◆ What you need to do: For the data below, transcribe the part that opens with the line containing "Sada 22 ks klíčů" and closes with the line containing "Rustic meets chic", exactly and with no pictures.

◆ Information provided:
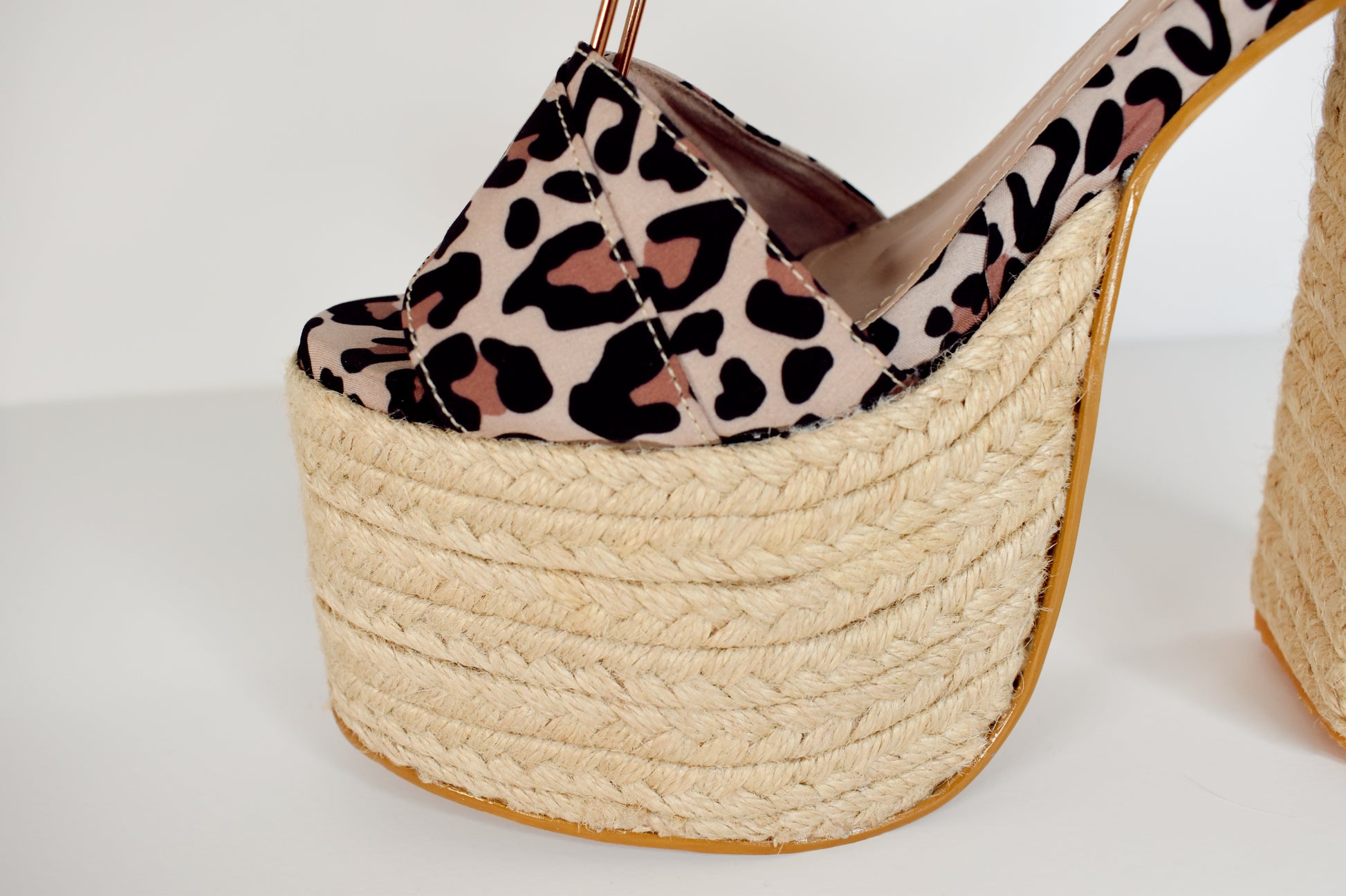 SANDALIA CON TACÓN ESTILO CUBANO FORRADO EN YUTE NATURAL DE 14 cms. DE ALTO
--
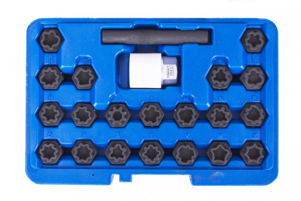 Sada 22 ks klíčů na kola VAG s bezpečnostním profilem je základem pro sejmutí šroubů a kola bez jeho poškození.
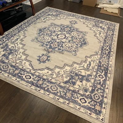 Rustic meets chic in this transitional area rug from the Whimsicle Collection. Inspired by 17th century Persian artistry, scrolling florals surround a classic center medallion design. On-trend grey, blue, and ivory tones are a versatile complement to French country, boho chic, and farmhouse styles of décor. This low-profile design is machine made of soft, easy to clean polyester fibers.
==
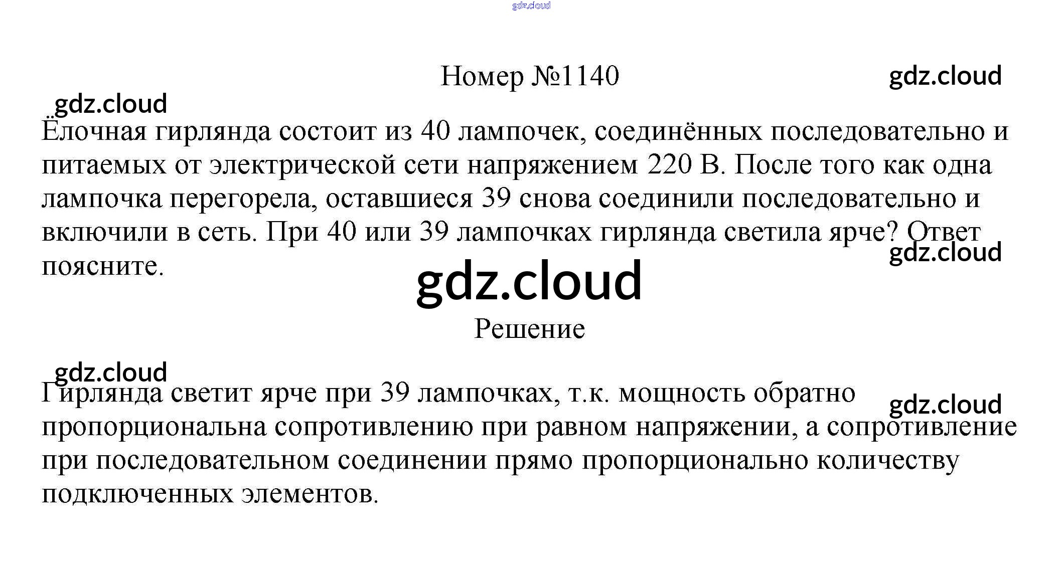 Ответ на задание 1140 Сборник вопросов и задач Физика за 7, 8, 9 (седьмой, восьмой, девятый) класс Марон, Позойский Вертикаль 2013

◆ Task response:
 Sada 22 ks klíčů na kola VAG s bezpečnostním profilem je základem pro sejmutí šroubů a kola bez jeho poškození.
 Rustic meets chic in this transitional area rug from the Whimsicle Collection. Inspired by 17th century Persian artistry, scrolling florals surround a classic center medallion design. On-trend grey, blue, and ivory tones are a versatile complement to French country, boho chic, and farmhouse styles of décor. This low-profile design is machine made of soft, easy to clean polyester fibers.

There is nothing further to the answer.